Oh man, I had no idea this was going to turn out like that. Fubini's theorem came in way more naturally than I'd anticipated. Well-done, Kamaal! I'd love to see more stuff like this. Historically, I've told my Calc II students that infinite series are a completely different beast from improper integrals, but have never been able to give great examples beyond the Basel problem. On the flip side, since I haven't worked with exact values of non-power series I am not familiar with many techniques beyond Parseval's theorem for computing actual values. Even that method I avoid using because it's still not my field.
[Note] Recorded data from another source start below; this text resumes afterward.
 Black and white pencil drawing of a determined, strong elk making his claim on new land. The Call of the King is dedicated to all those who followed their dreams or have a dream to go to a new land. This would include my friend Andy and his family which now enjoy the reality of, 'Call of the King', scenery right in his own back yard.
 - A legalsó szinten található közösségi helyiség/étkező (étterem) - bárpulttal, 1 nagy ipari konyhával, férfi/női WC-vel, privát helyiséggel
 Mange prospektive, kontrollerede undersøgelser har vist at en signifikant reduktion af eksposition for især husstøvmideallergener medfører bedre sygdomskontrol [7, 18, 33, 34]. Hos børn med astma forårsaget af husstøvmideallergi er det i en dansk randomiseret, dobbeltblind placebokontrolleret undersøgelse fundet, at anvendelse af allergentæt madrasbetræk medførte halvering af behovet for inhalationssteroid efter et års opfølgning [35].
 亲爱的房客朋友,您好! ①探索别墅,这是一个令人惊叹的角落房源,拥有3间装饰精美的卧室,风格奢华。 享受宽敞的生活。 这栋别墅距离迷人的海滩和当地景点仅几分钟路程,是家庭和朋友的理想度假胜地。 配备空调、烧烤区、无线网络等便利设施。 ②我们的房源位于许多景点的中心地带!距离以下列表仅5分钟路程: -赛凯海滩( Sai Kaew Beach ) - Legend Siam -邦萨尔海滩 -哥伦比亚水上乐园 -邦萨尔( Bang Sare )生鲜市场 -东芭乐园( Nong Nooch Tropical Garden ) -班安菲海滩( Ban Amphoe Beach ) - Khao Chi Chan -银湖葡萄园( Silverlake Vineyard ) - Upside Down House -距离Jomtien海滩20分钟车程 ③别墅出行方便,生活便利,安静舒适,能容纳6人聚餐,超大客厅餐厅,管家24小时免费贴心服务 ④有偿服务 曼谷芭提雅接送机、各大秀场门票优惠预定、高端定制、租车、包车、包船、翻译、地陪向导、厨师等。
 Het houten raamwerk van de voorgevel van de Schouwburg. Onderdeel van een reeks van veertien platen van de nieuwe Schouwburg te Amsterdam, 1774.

First, we convert the series into a function f(x)=Σn!/(2n+1)!x^(2n+1) Our goal is to find the function. We can use a differential equation to do this f'(x)=Σn!/(2n)!x^(2n) f''(x)=Σn!/(2n-1)x^(2n-1) After performing simple calculations, we arrive at the following differential equation 2y''-xy'-y=0 It is a linear ordinary differential equation with non-constant coefficients d/dx(2y'-xy)=0 which can be easily solved 2y'-xy=a I think everyone can solve this differential equation y=e^(x²/4)(a/2*√π*erf(x/2)+b) Well, we can easily determine the unknown coefficients a=2 and b=0 y=f(x)=√π*e^(x²/4)(erf(x/2)) Σn!/(2n+1)!x^(2n+1)=√π*e^(x²/4)(erf(x/2)) as a result Σn!/(2n+1)!=√(π√e)*erf(1/2)
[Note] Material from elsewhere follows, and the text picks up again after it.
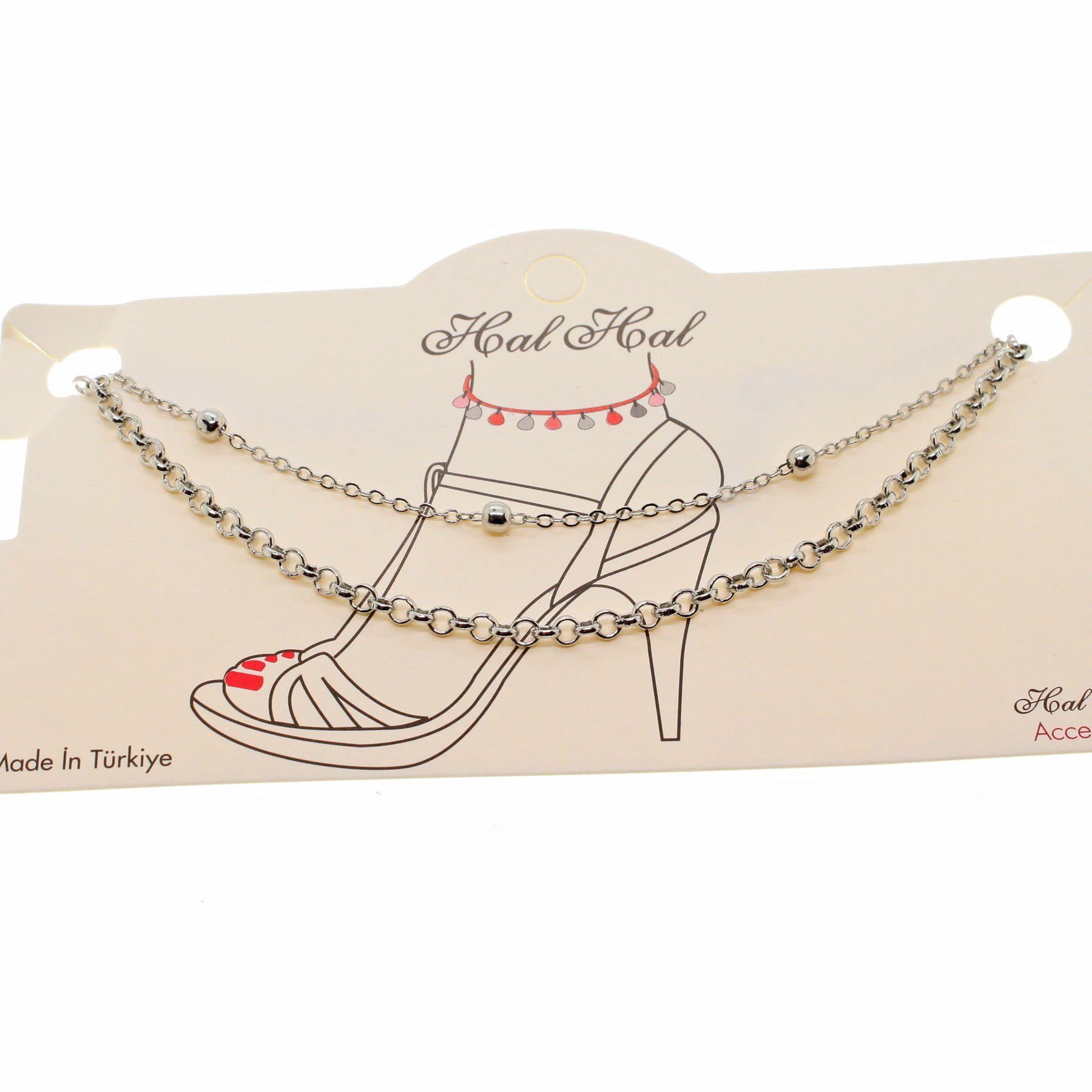 Toptan Gümüş Renk Top Ve Doc Zincir Halhal – 1821
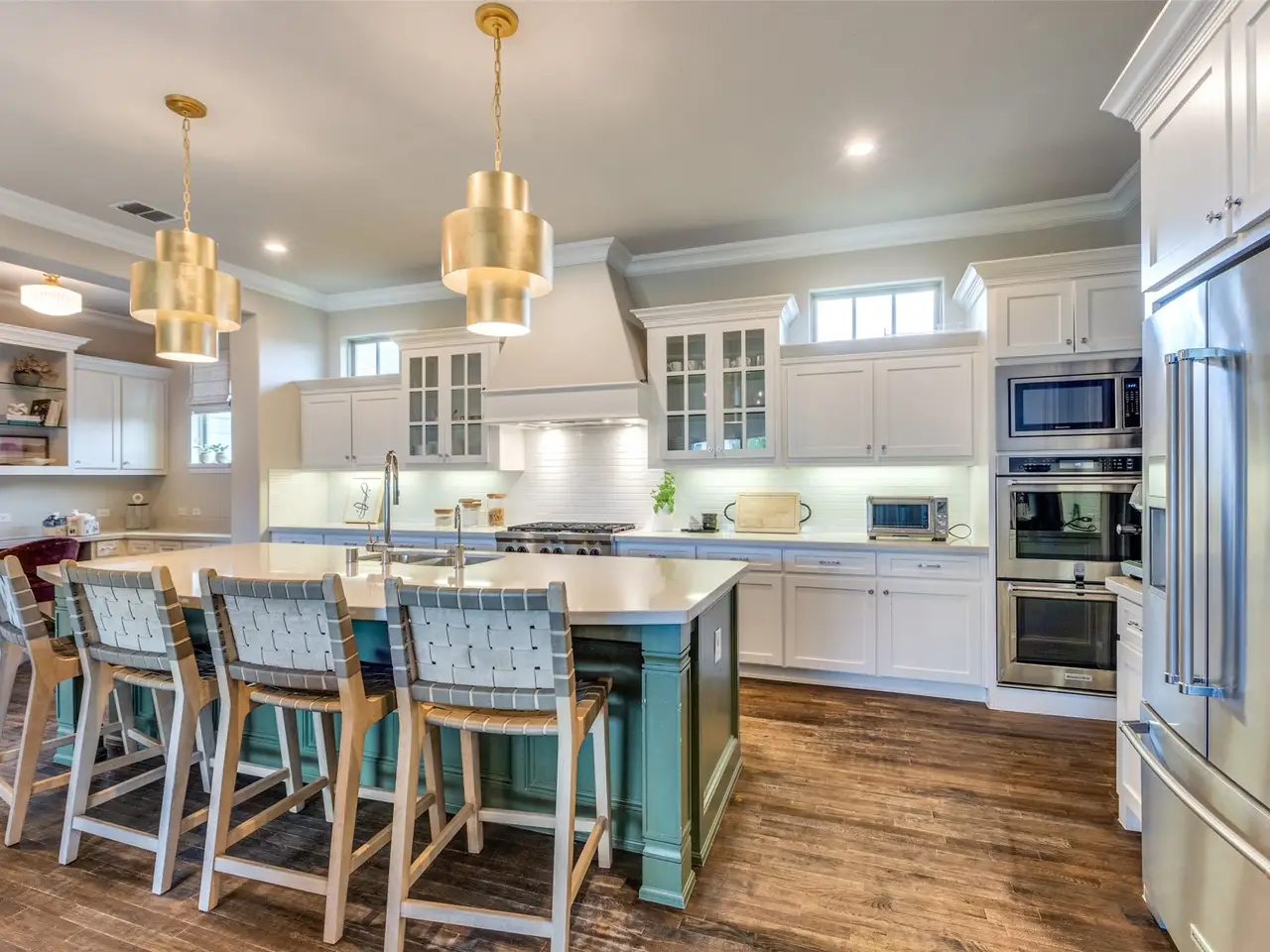 Chef's kitchen with white cabinetry

ah yes, the gamma and error functions in their natural habitat.
Man I swear you gotta make a video deriving all those formulas of the Beta function.
This isn’t factorial based, this is just based
it isn't just based, it's based!
But it isn't just based, it's based!
You brought the error down to earth.
Dear Kamal, I deeply appreciate the ERFfort you put into the evaluation of this sum!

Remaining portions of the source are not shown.